And it’s not that the students have forgotten their racial pessimism.  Indeed, it only heightens their desire to see racism ended!  The pathologies of their movement – over-sensitivity, incivility, intolerance – flow from the intense desire to make the pain stop while knowing that it cannot stop.  If the pain can intrude into even the leftish-liberal-controlled college campus, then there is no respite, no haven, no safe space.  For years, liberal college administrators have – somewhat disingenuously – told black students that not only could they have such a safe space, they had a right to it.  Then Ericka Christakis – somewhat disingenuously – told them to stop wanting it.  And that reminded them it isn’t really achievable.  Thus, anger.  It is the profound and earnest disappointment that the impossible has not arrived that explains why this movement has come so far off its hinges.

The Civil Rights Movement of the 50’s an 60’s had definite, objective goals in mind: the end of legal segregation, the restoration of political rights, equal treatment in public places.  To a large extent those procedural goals were reached; thankfully, they were reachable.  But the fight for substantive equality foundered, partly because changing minds and culture is much harder than changing laws, and much more subtle.  But the understanding that minds cannot be changed by force is the bedrock of the historical liberal project, and the comprehensive inclusion the students desire requires a degree of control over thought, expression and action that is itself intolerable.  Painfully, American racial pessimism is a perfectly defensible position, but it’s one that should remind anti-racists to tread more lightly, not more heavily.

As a white man – who, despite my best attempts, ultimately knows so little of lived black experience – it’s easy for me to urge caution and prudence in the fight against racism.  But part of what’s gone wrong with the racial inclusion movement is its insistence that the content of an opinion is not as relevant as the background of the person holding it.  In this view, the pain of racial exclusion cannot truly be understood or appreciated except by those who have lived it; therefore, the analysis and actions of those victims should not be questioned.

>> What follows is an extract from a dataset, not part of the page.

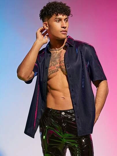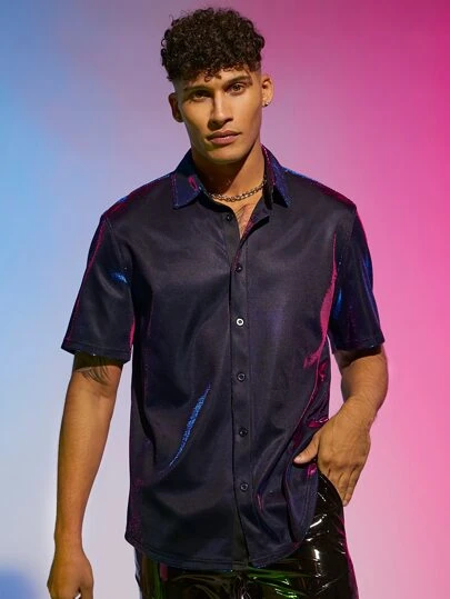 Manfinity Fever City Men Single Breasted Placket Hologram Shirt
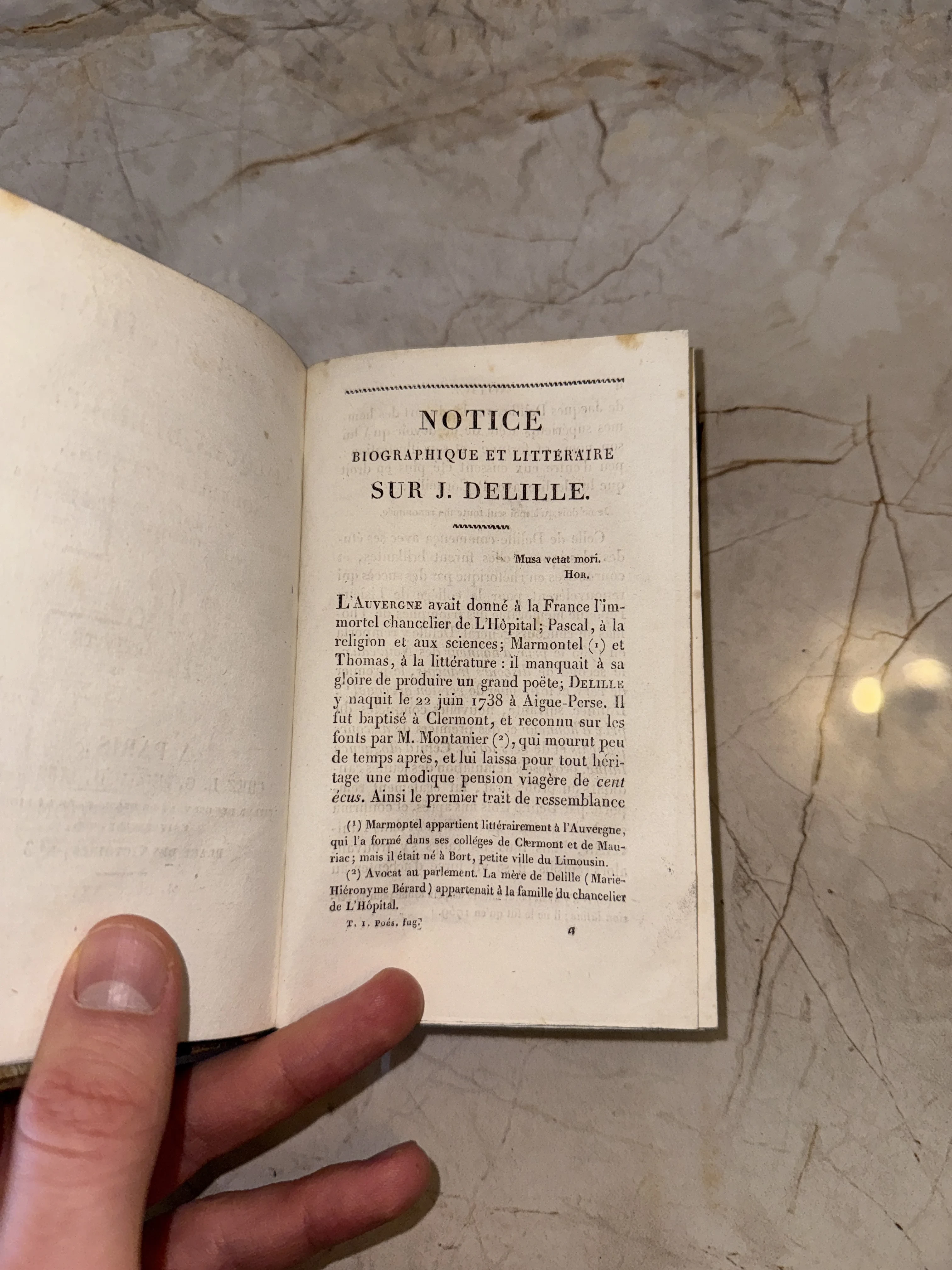 Разворот старинной книги на французском языке с биографическим очерком о Жаке Делиле на фоне мраморной поверхности.

But this is a reasonable premise taken to an unreasonable conclusion.  Even though whites can’t fully understand the black experience they can still make genuine contributions to the racial conversation; they can still make cogent judgments about the state of race relations.  It is possible for a black person to be mistaken about race.

But leftist thought has been heavily influenced by post-modernism, particularly by the doctrine that there are no universal truths, only limited, parochial, and self-serving ones.  Truth with a capital “T” is merely an instrument for settling arguments in favor of the powerful.  That is, discourse which fails to account for cultural presumptions in favor of traditionally dominant groups only appears to give minority arguments their due, in reality it merely perpetuates the domination.  The post-modernist solution is to allow each group its own unimpeachable narrative; since there is no honest objective truth, let all the subjective truths flourish, none with a greater claim on our credence than any other.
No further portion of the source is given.